[Opening Data for the task section]
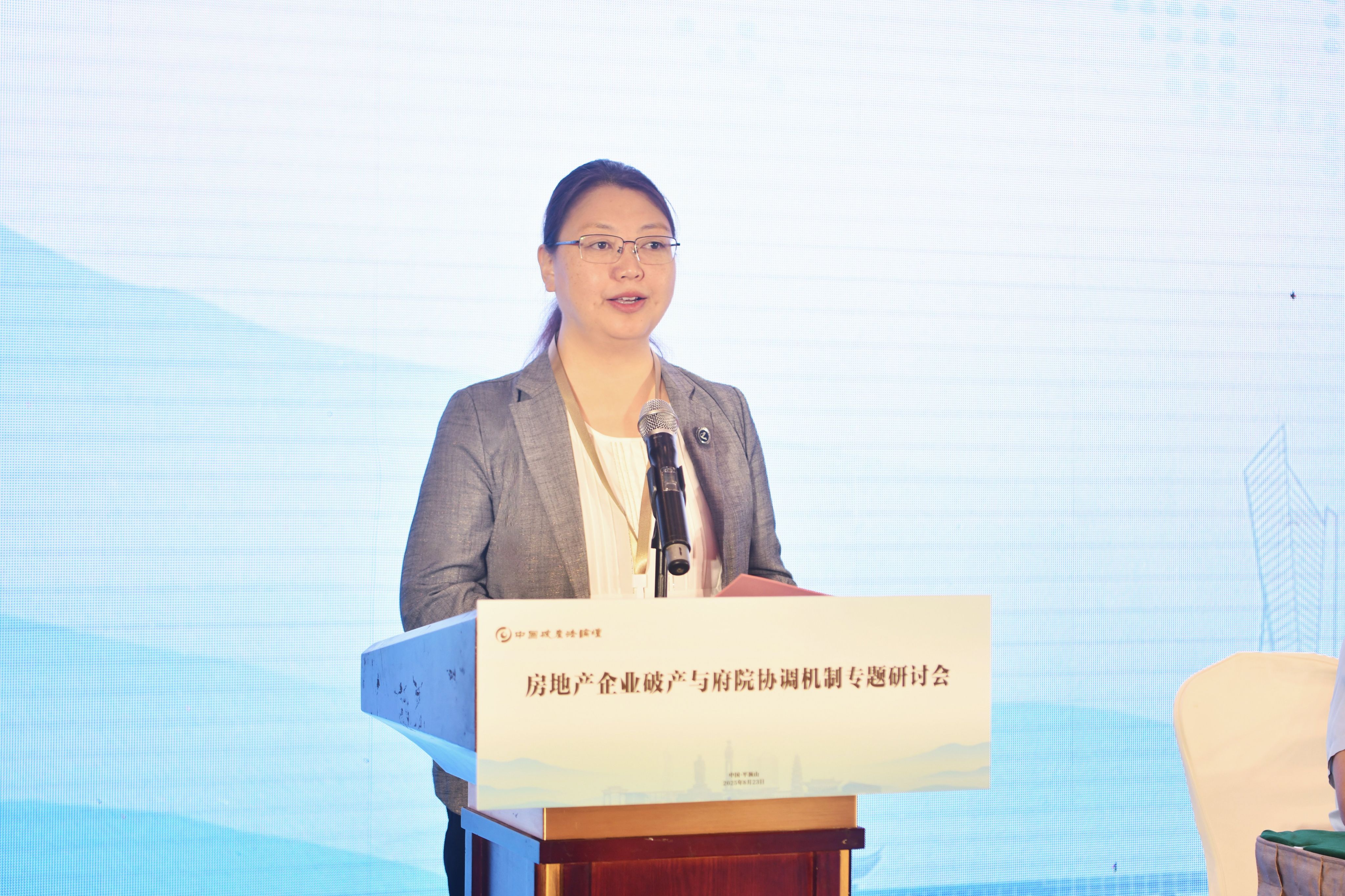 开幕式上,校长陈桂香代表学校对专题研讨会的召开表示热烈祝贺,向与会嘉宾介绍了学校发展历程与办学特色,并强调,作为应用型本科高校,学校始终以服务国家战略和地方法治建设为己任。她指出学校法学学科建设坚持与实务研究深度融合,积极参与地方法治建设,在破产法理论研究、人才培养以及服务地方法治建设中取得一定成果。她期待本次研讨会为破解房企破产难题贡献智慧,对推动房地产企业破产法治的完善和府院协调机制的优化产生积极影响,并预祝研讨会取得圆满成功。
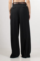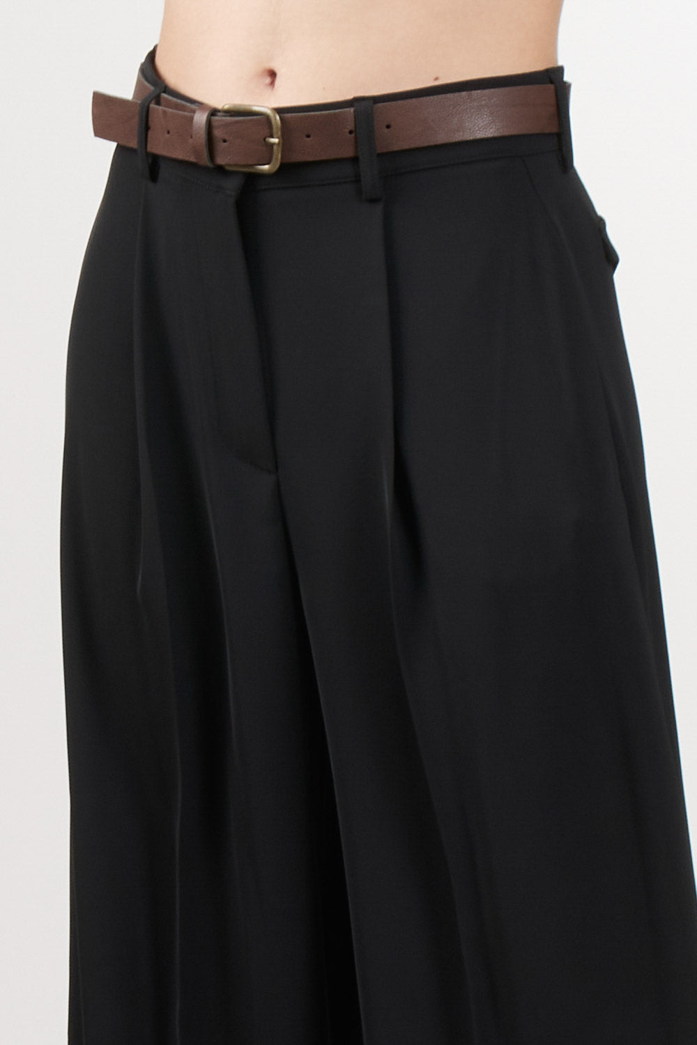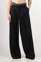 Pantalone linea palazzo di Tensione In, dal fit ampio e scivolato, vita alta con pince frontali, cintura integrata con fibbia in metallo e tasche laterali a filo.
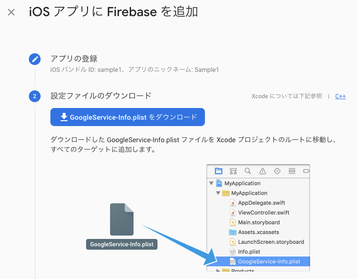 通常の設定ではセットアップ時にFirebase ConsoleからGoogleService-Info.plist
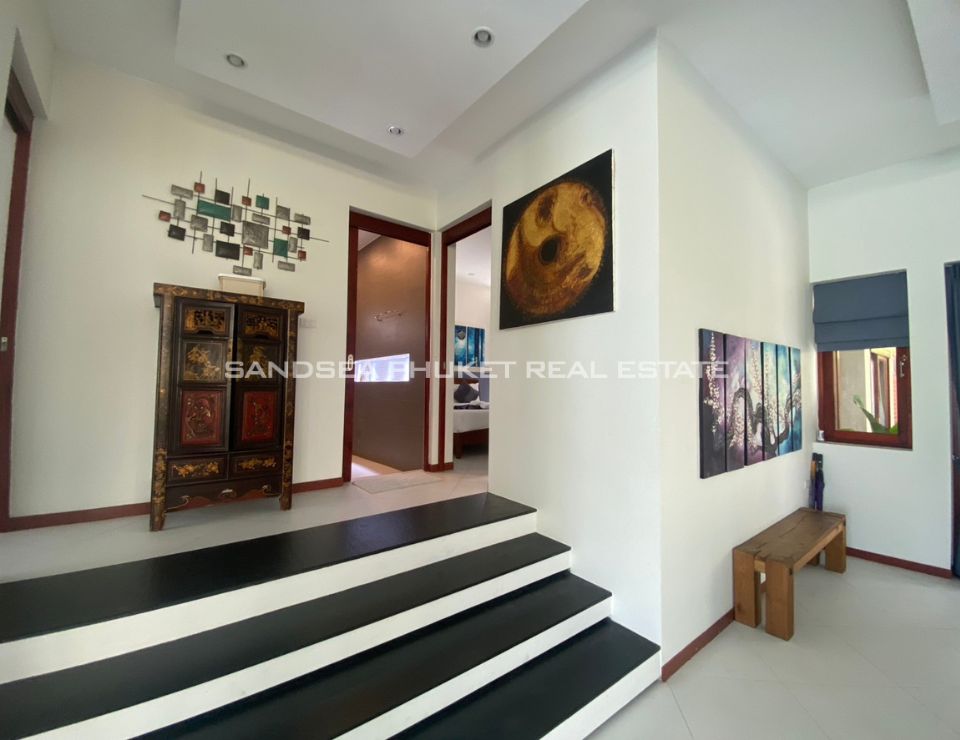 This charming villa offers an ideal blend of comfort, functionality, and privacy. The main house features a spacious open-plan living, dining, and kitchen area with seamless access to the pool and outdoor terrace—perfect for entertaining or relaxing. The generously sized master bedroom comes with an ensuite bathroom and direct poolside access, creating a serene retreat. On the opposite side of the house are two additional bedrooms, which share a bathroom and offer flexible use as guest rooms, a home office, or a combination of both. A unique lower-level bedroom is accessible through one of the upper rooms, making it a versatile space for family or visitors.
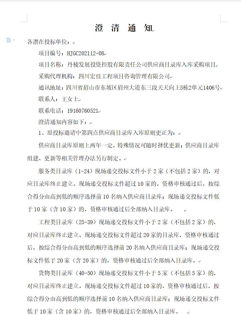 【丹發(fā)展公司】丹棱發(fā)展投資控股有限責(zé)任公司供應(yīng)商目錄庫入庫采購項(xiàng)目澄清通知
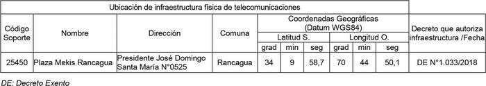 1. Autorízase a la concesionaria para modificar su concesión, individualizada en la letra g) de los Vistos, en el sentido de incorporar infraestructura física ya autorizada, conforme al decreto que se detalla en el siguiente cuadro:
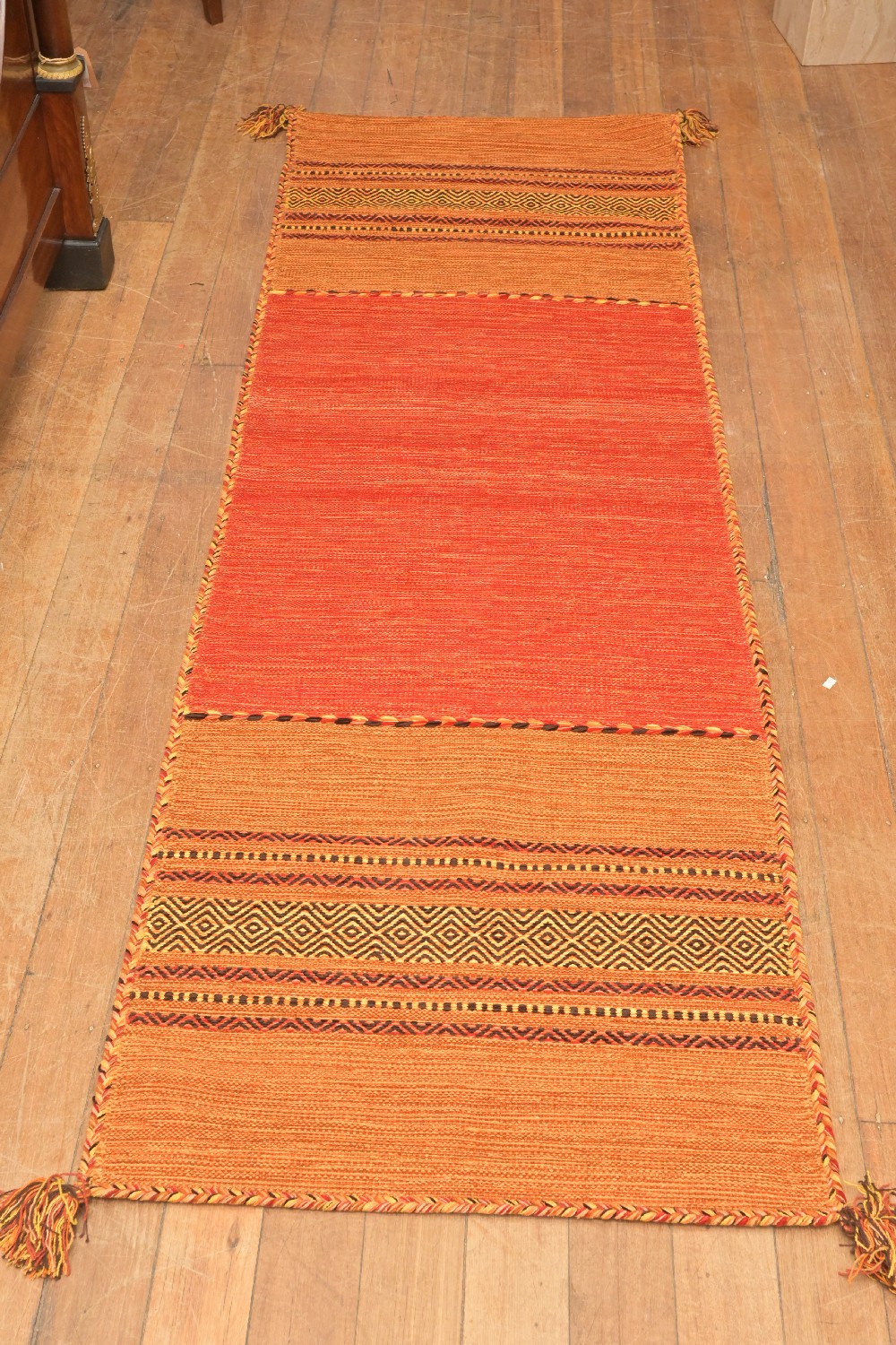 A LARGE COLOURFUL, DENSELY HAND- WOVEN RAJASTHANI KILIM RUNNER. REVERSABLE, MADE FROM THE FINEST COTTON FLEECE. IN RED/ORANGE TONES. SIZE: 250 X 80 CM-ORIGIN: JAIPUR – RRP: $500
[Closing Data for the task section]
### [Exercise prompt]
Leave the pictures out and reproduce exactly the lines from the top of the listing above through the line with "Pantalone linea palazzo".

### [Task answer]
 开幕式上,校长陈桂香代表学校对专题研讨会的召开表示热烈祝贺,向与会嘉宾介绍了学校发展历程与办学特色,并强调,作为应用型本科高校,学校始终以服务国家战略和地方法治建设为己任。她指出学校法学学科建设坚持与实务研究深度融合,积极参与地方法治建设,在破产法理论研究、人才培养以及服务地方法治建设中取得一定成果。她期待本次研讨会为破解房企破产难题贡献智慧,对推动房地产企业破产法治的完善和府院协调机制的优化产生积极影响,并预祝研讨会取得圆满成功。
 Pantalone linea palazzo di Tensione In, dal fit ampio e scivolato, vita alta con pince frontali, cintura integrata con fibbia in metallo e tasche laterali a filo.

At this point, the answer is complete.